Conversely I wonder if you could claim for any damage caused to your motorhome if you didn't notice a barrier and drove into it. They are not all very well signed and some are just a single skinny pole, and at night with the dazzle of an oncoming vehicle it could easily happen. Judging from the multicoloured paint jobs on some barriers it happens all too often!!

The gypsies around here simply unbolt them, or take their oxy-acetylene torches to them - but they are allowed to get away with it of course because they are all called Smith and it would be almost impossible to discover the culprit.

No point in wondering really - the authorities will always take the easy way out and punish the innocent masses along with the guilty minority.

Rant over. Back to sleep! :roll:


----------



## bobandjane (Dec 29, 2007)

Its the same every where you go in the UK. They have a long way to go to catch up with the rest of europe.We gave the van a run up the next village I dropped the wife off at the entrance to the carpark.Pulled in and backed into a space in the corner,I must admit we did block one car from getting out 7.4m long so no choice. But I never left the van and before I turned the engine off, Some one came over and said I hope your not leaving that there,It was not even their car blocked in. Thats why we had 3 months in europe and 3 nights in the UK. You never feel wanted and what you said about the caravan club just about says it all.Never did like then and that was 20 odd years ago when we were members they don't get any better its more than my JOBS WORTH!!!!!!!!!!! bobandjane.


----------



## Grizzly (May 9, 2005)

peachy said:


> As we are members of the CC he drove in to the Club Site and asked if there was any chance he could have parked in the car park for a couple of hours. Of coarse he would have been willing to pay if necessary. he was told this was not possible.


This is SO mean. Was the car park full ? Were there hundreds of others waiting to do exactly the same thing as your husband ? Was the car park only big enough for a few cars and they were expecting it to be full ? I doubt any of these. You are members so it's not as if you were just members of the public driving in on the off-chance.

Both examples you have given are typical of the UK " let's ban something before we even know if it is likely to be a problem" This is diametrically opposite to the( usual -LeClercs excepted) continental " lets allow something and review the situation if it should become a problem".

G


----------



## zulurita (May 9, 2005)

Yes it is very difficult going out just for the day in this country :evil: 

Unless you are booked into a campsite its almost impossible to tour around as car parks are difficult or sometimes impossible for our large motorhomes. Then again some places are just not safe to leave our pride and joy  

That is why we spend most of our time away on the continent  though this year we are doing some rallies in July/Aug up north plus a few CL's etc in between, so I just wonder how we will get on!!!


----------



## colian (May 11, 2005)

Peachy/ Lin,

I have been told that if you go to the Caster side of Ferry Meadows the old main road there has parking bays marked out along it and so far there are no restrictions or payment.

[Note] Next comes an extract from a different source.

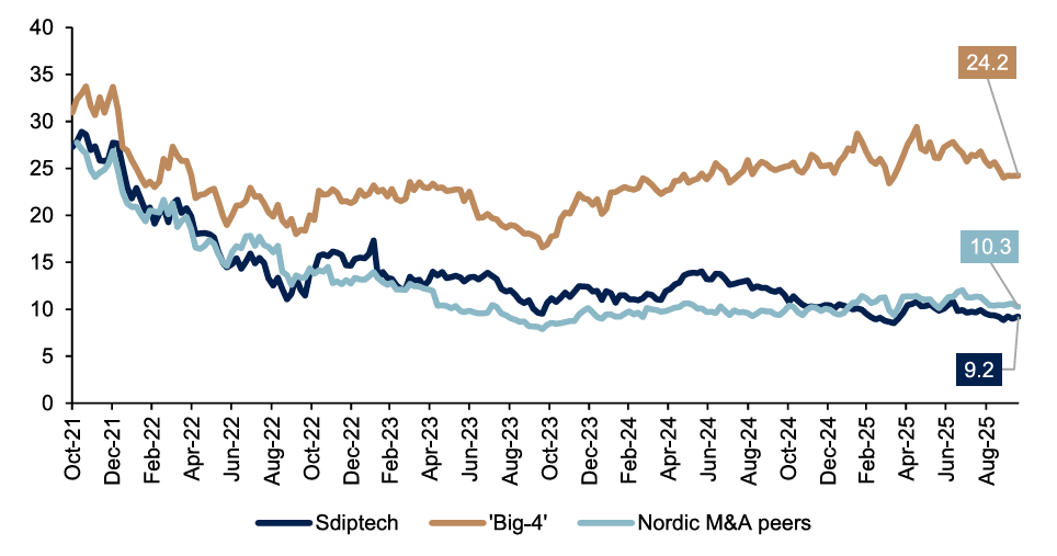 Sdiptech handlas till runt 9–10 gånger nästa års EBITA, vilket är attraktivt. Det kan jämföras med ett snitt på 24 gånger för de fyra stora serieförvärvarna och ungefär 10 gånger för bredare nordiska M&A-peers. Rabatten mot sektorn fångar enligt ABGSC:s analys ett väl pessimistiskt scenario – särskilt när bolaget nu visar förbättrat momentum i både lönsamhet och kassaflöde. Med stabila marginaler, förväntad återstart av förvärv under 2026 och potential till ett lyft i ROCE mot 14–15 procent, framstår en värdering runt 12 gånger EBITA som mer rimlig. Det motsvarar en möjlig uppsida på drygt 40 procent från dagens aktiekurs.

My mate was there last weekend and he is going to use that now they are putting barriers up at the main car park ready to start charging for the summer.

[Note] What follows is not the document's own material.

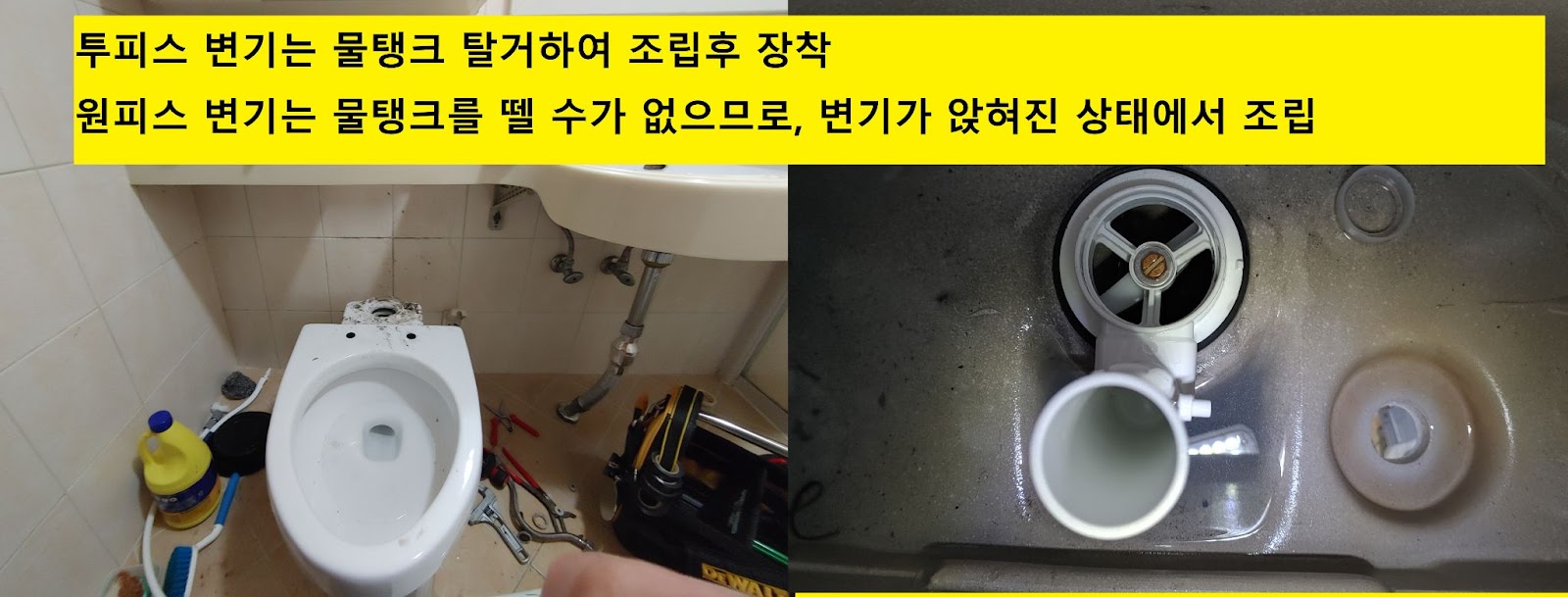 준비물 : 작은 몽키 두자루, 양변기부속 전용공구 (인터넷에서 구매-배수마개 끼울때 필요함)

Just a thought as the footpaths enter the meadow from that side also.

Ian


----------



## framptoncottrell (Jan 6, 2006)

I also suffered frustration. I took the van for a day's walking around Old Hunstanton, intending to park in Holme-by-the-Sea, where there is an all-year car park. I even used Google Earth to check if there were any height barriers, and when NASA took the photographs, there weren't. When I arrived, barriers had recently been erected. Luckily there was road parking opposite, but only from November to Good Friday, so in three weeks time Holme is out of bounds for motorcaravanners. And, as you can see, I drive a Murvi which is short, narrow, but high. And my name isn't Smith and the van isn't white.

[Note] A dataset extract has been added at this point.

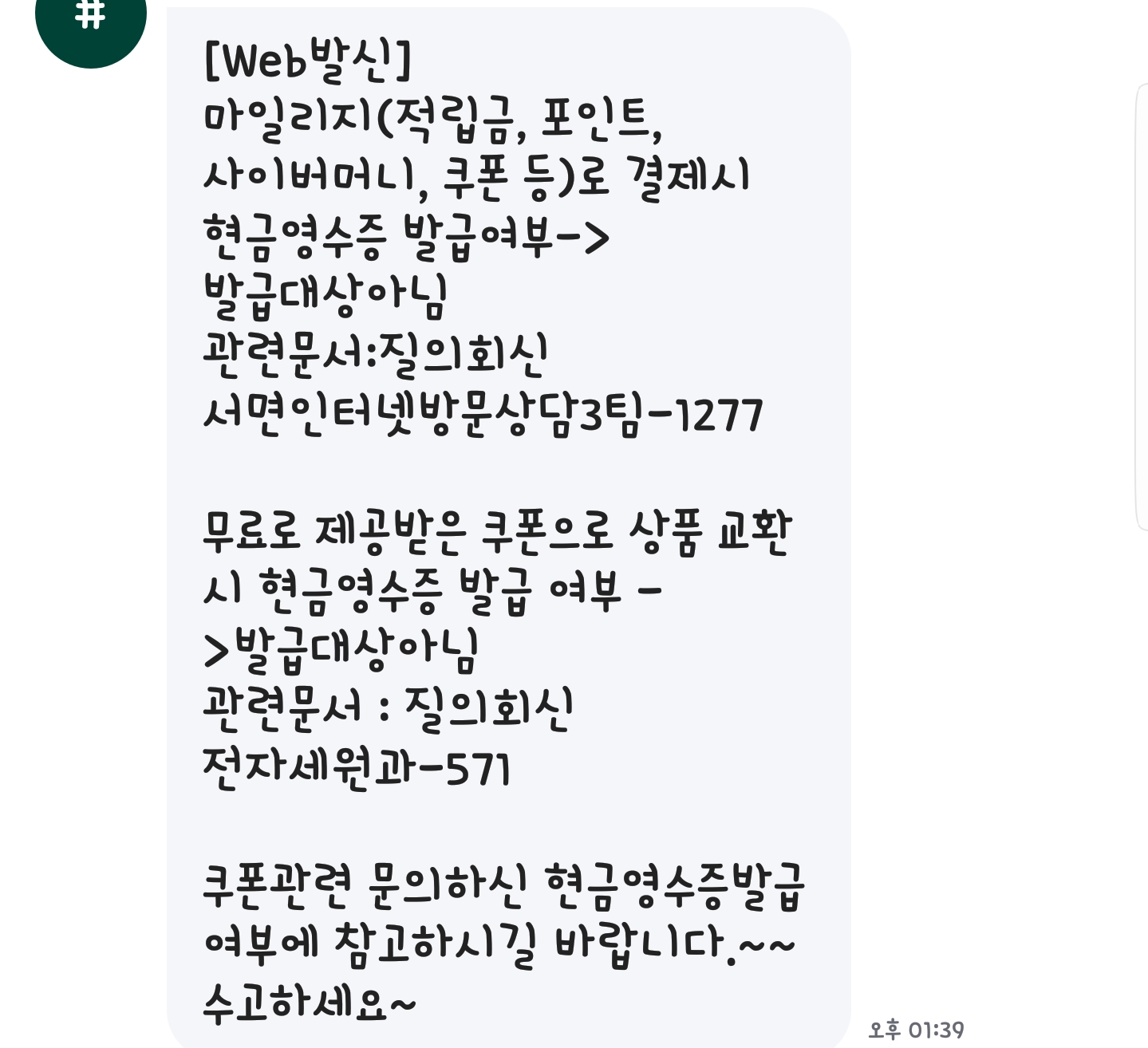 농협시럽카드의 주유쿠폰 현금영수증 문의드립니다.

Dr (musical, not medical) Roy


----------



## 88870 (May 10, 2005)

peachy said:


> Yesterday my OH had driven up to Ferry Meadows, Peterborough with his bike on board for a day out. only to find out Height restricters had just been installed. He enquired if they had any problems with illegal encampment and was told no but that this was a preventative.
> 
> As we are members of the CC he drove in to the Club Site and asked if there was any chance he could have parked in the car park for a couple of hours. Of coarse he would have been willing to pay if necessary. he was told this was not possible.
> 
> ...


The height barriers have been their since the tale end of last summer ... there was a major invastion of gypsies who started a large encampment in the middle of the rally/archery/kite flying field. I believe they did this twice last year. It got so bad that when the local gypsies were on the move in the area, the FM staff would semi block the road with a tractor trailer so they knew they could not get in. Then they installed the barrier.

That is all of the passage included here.